* _PROBLEM TO WORK ON_
The result should be a full, exact repeat of the entries, free of pictures.

──────── EXERCISE MATERIALS ────────

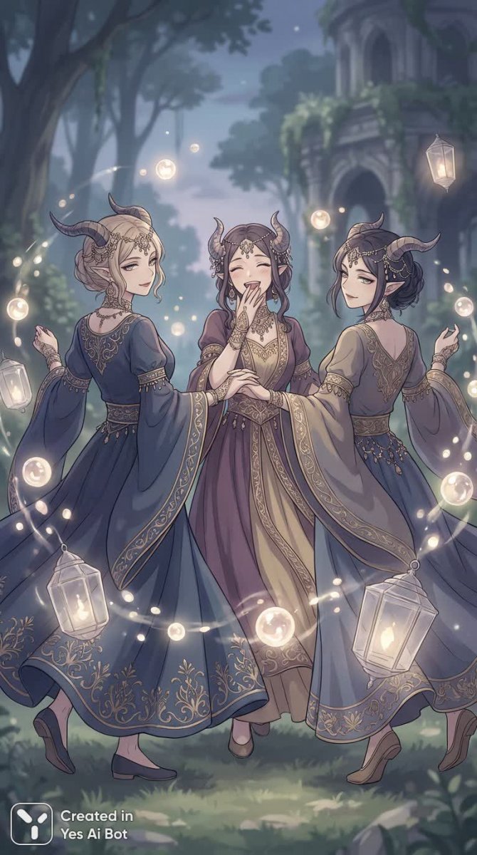3girls, (a trio of succubi) 😈✨, (charming laughter) 😂💜, (surrounded by floating lights) 🎆, (intoxicating atmosphere) 🖤💫, (dynamic energy) ⚡, (wearing intricate accessories) 👑, (mysterious glances) 👀, (embodying beauty and grace) 💕, (whirling in a dance) 🕺💃, (themes of allure) 🌹💖, (creating a dreamlike scene) 😍✨.
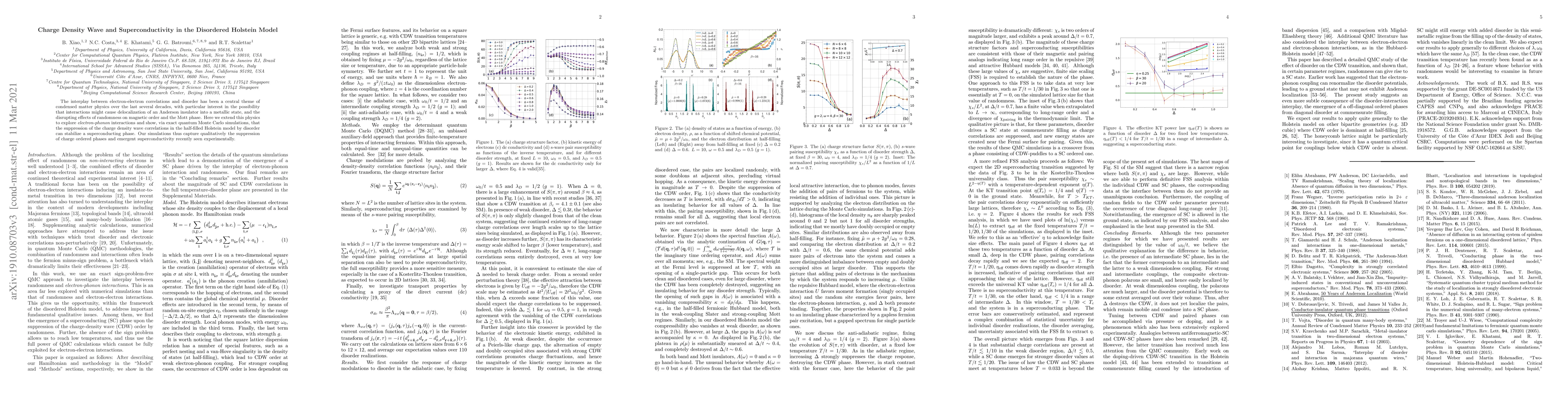 The study investigates how electron-phonon interactions in the disordered Holstein model can suppress charge density wave correlations, leading to the stabilization of a superconducting phase, as demonstrated by exact quantum Monte Carlo simulations. The findings align with recent experimental observations of the suppression of charge order and the emergence of superconductivity.
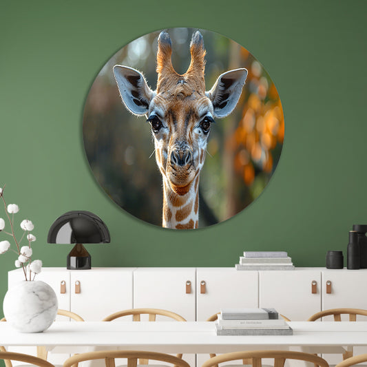 Realistisch portret van een giraffe aluminium muurcirkel
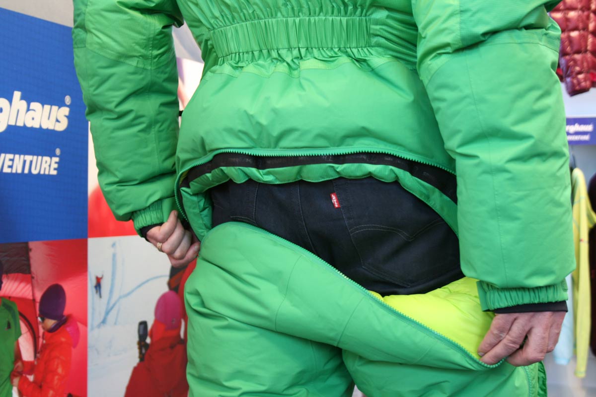 It’s not just about heat loss though. Climbers need to move on technical ground so they need both mobility, but also lack of bulk. One simple reason for this: if you’re climbing, you need to be able to see your feet clearly. One big disadvantage of the two-piece suit was that the double-bulk around the midriff made that really hard to accomplish.
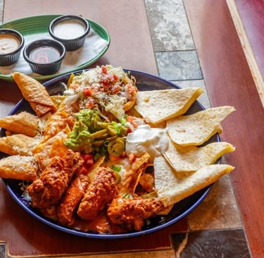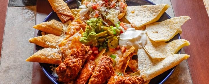 Crispy tortilla chips piled high with melted cheese, seasoned meat, beans & fresh toppings..
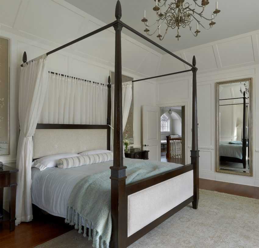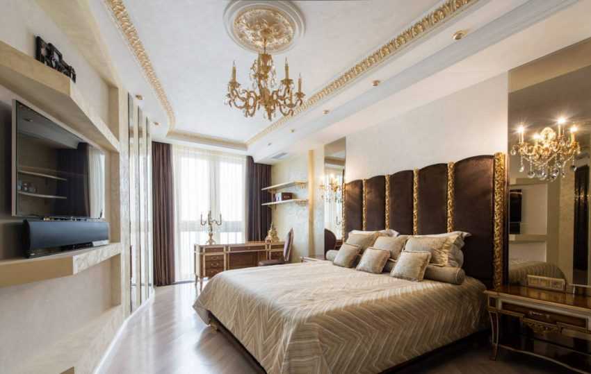 классика. Сатиновые или матовые белые полотна, а также айвори, экрю, цвета молока, сливок, холодные тона прекрасно смотрятся на фоне классического оформления спальни. Уместными будут и одноуровневые, и многоуровневые потолки, но выбирать следует монохромные варианты;
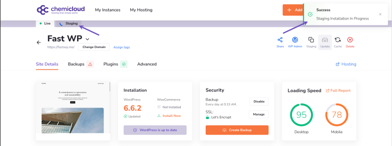 Step 5) Once you click Create Staging, our system will begin creating the staging environment for your website and you’ll be able to see the progress as shown below:
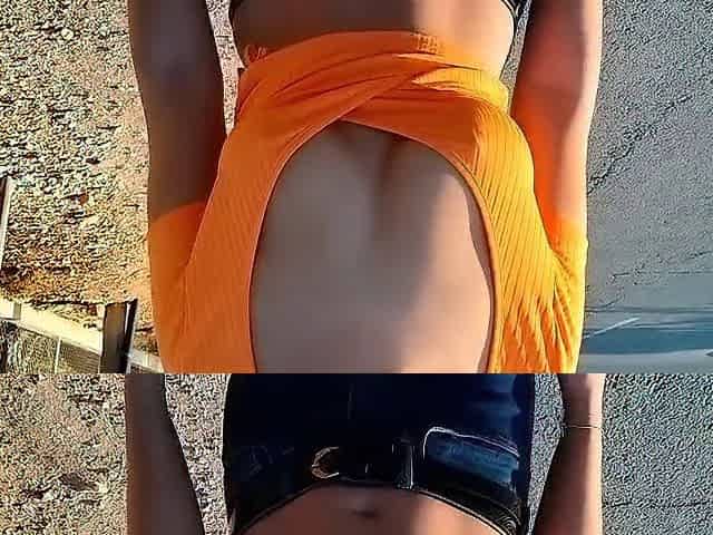 Golden shower for Katty on the public beach
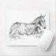 Uma ilustração/desenho de um cavalo jovem deitado no chão, a preto e branco (caneta esferográfica), que apenas acorda do seu cochilo. Pelo artista Robin Hewitt.
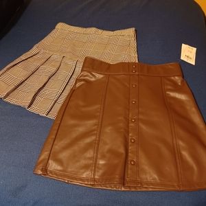 Girls H&M pairs of skirts NEW WITH TAGS. One is a Houndstooth pleated skirt that fits like a 13-14. Features a zip & adjustable waistband. The faux leather skirt is a beautiful brown color, perfect western/cowgirl style. Size 13-14. Features faux covered buttons down the front and elastic in the back waistband.
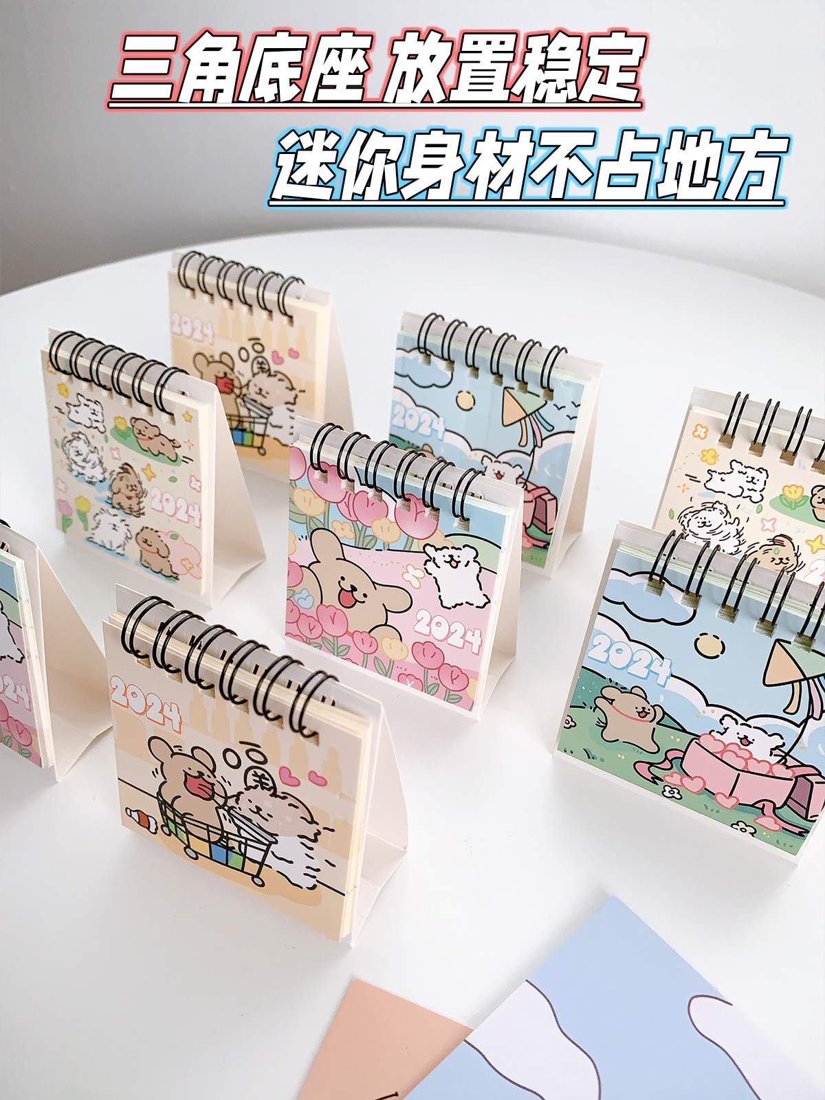 2024龙25蛇年台历简约可爱日历卡通迷你学生摆件线圈小台历LOGO
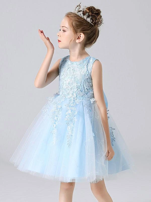 Blue Flower Girl Dresses Jewel Neck Sleeveless Short Princess Dress Sash Lace Kids Party Dresses
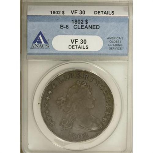 <B>1802 $1 Narrow Date--Cleaned--ANACS. VF30 Details.</B></I> B-6, BB-241, R.1. Bowers-Borckardt Die State III. Deep forest-green and lavender toning blend throughout this attractively detailed Narrow Date dollar. Luster emerges from protected areas of the design. A couple of minor obverse marks barely merit mention.<BR><I>From The John Stimson, Sr. Collection, Part Two.</B></I><BR><BR><B>Coin Engraver:</B> Robert Scot<BR><BR><b>Shipping:</b> Coins & Currency (<a target="_blank" href="http://www.heritageauctions.com/common/shipping.php">view shipping information</a>)
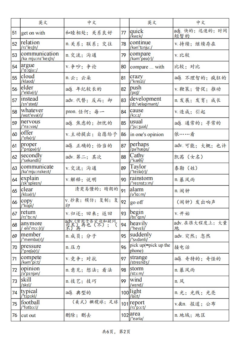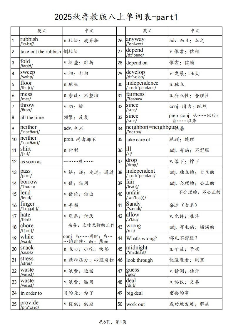 当前位置: 首页初中资源初中八年级正文 2025秋鲁教版八上英语单词表-part1_共6页 初中八年级 5 天前 0 0 5 以上为部分内容预览,如需源文档请登录您的会员账号进行下载! 声明:本站所有文章,如无特殊说明或标注,均为本站原创发布。任何个人或组织,在未征得本站同意时,禁止复制、盗用、采集、发布本站内容到任何网站、书籍等各类媒体平台。如若本站内容侵犯了原著者的合法权益,可联系我们进行处理。 尚学资源永久会员 打赏 收藏 海报 链接
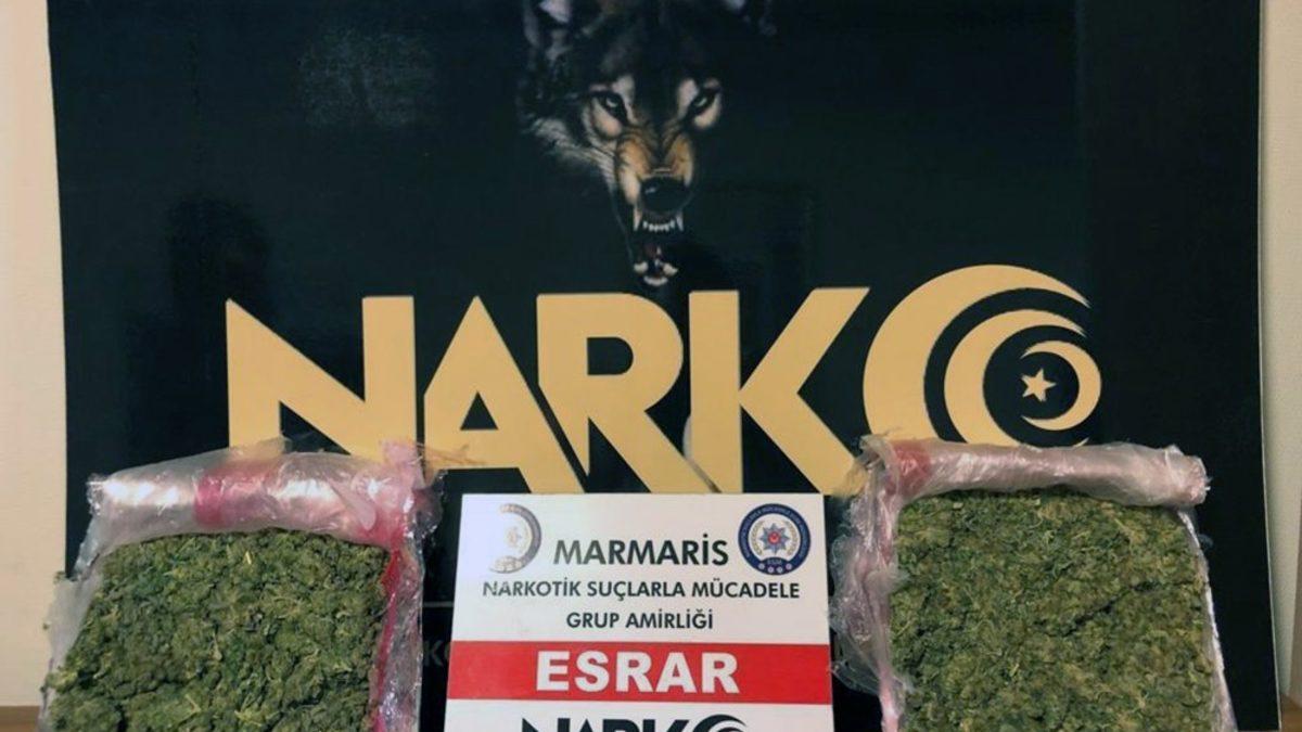 Edinilen bilgiye göre, Marmaris Cumhuriyet Savcılığından alınan talimat sonrası plakası daha önce belirlenen bir araçta uyuşturucu bulunduğu ihbarı alındı. Araçta yapılan aramada aracın arka koltuklarının arka bölümüne zulalanmış 413.9 gram esrar, 0.99 gram Bonzai ele geçirildi.

────────

* _EXPECTED ANSWER_
3girls, (a trio of succubi) 😈✨, (charming laughter) 😂💜, (surrounded by floating lights) 🎆, (intoxicating atmosphere) 🖤💫, (dynamic energy) ⚡, (wearing intricate accessories) 👑, (mysterious glances) 👀, (embodying beauty and grace) 💕, (whirling in a dance) 🕺💃, (themes of allure) 🌹💖, (creating a dreamlike scene) 😍✨.
 The study investigates how electron-phonon interactions in the disordered Holstein model can suppress charge density wave correlations, leading to the stabilization of a superconducting phase, as demonstrated by exact quantum Monte Carlo simulations. The findings align with recent experimental observations of the suppression of charge order and the emergence of superconductivity.
 Realistisch portret van een giraffe aluminium muurcirkel
 It’s not just about heat loss though. Climbers need to move on technical ground so they need both mobility, but also lack of bulk. One simple reason for this: if you’re climbing, you need to be able to see your feet clearly. One big disadvantage of the two-piece suit was that the double-bulk around the midriff made that really hard to accomplish.
 Crispy tortilla chips piled high with melted cheese, seasoned meat, beans & fresh toppings..
 классика. Сатиновые или матовые белые полотна, а также айвори, экрю, цвета молока, сливок, холодные тона прекрасно смотрятся на фоне классического оформления спальни. Уместными будут и одноуровневые, и многоуровневые потолки, но выбирать следует монохромные варианты;
 Step 5) Once you click Create Staging, our system will begin creating the staging environment for your website and you’ll be able to see the progress as shown below:
 Golden shower for Katty on the public beach
 Uma ilustração/desenho de um cavalo jovem deitado no chão, a preto e branco (caneta esferográfica), que apenas acorda do seu cochilo. Pelo artista Robin Hewitt.
 Girls H&M pairs of skirts NEW WITH TAGS. One is a Houndstooth pleated skirt that fits like a 13-14. Features a zip & adjustable waistband. The faux leather skirt is a beautiful brown color, perfect western/cowgirl style. Size 13-14. Features faux covered buttons down the front and elastic in the back waistband.
 2024龙25蛇年台历简约可爱日历卡通迷你学生摆件线圈小台历LOGO
 Blue Flower Girl Dresses Jewel Neck Sleeveless Short Princess Dress Sash Lace Kids Party Dresses
 <B>1802 $1 Narrow Date--Cleaned--ANACS. VF30 Details.</B></I> B-6, BB-241, R.1. Bowers-Borckardt Die State III. Deep forest-green and lavender toning blend throughout this attractively detailed Narrow Date dollar. Luster emerges from protected areas of the design. A couple of minor obverse marks barely merit mention.<BR><I>From The John Stimson, Sr. Collection, Part Two.</B></I><BR><BR><B>Coin Engraver:</B> Robert Scot<BR><BR><b>Shipping:</b> Coins & Currency (<a target="_blank" href="http://www.heritageauctions.com/common/shipping.php">view shipping information</a>)
 当前位置: 首页初中资源初中八年级正文 2025秋鲁教版八上英语单词表-part1_共6页 初中八年级 5 天前 0 0 5 以上为部分内容预览,如需源文档请登录您的会员账号进行下载! 声明:本站所有文章,如无特殊说明或标注,均为本站原创发布。任何个人或组织,在未征得本站同意时,禁止复制、盗用、采集、发布本站内容到任何网站、书籍等各类媒体平台。如若本站内容侵犯了原著者的合法权益,可联系我们进行处理。 尚学资源永久会员 打赏 收藏 海报 链接
 Edinilen bilgiye göre, Marmaris Cumhuriyet Savcılığından alınan talimat sonrası plakası daha önce belirlenen bir araçta uyuşturucu bulunduğu ihbarı alındı. Araçta yapılan aramada aracın arka koltuklarının arka bölümüne zulalanmış 413.9 gram esrar, 0.99 gram Bonzai ele geçirildi.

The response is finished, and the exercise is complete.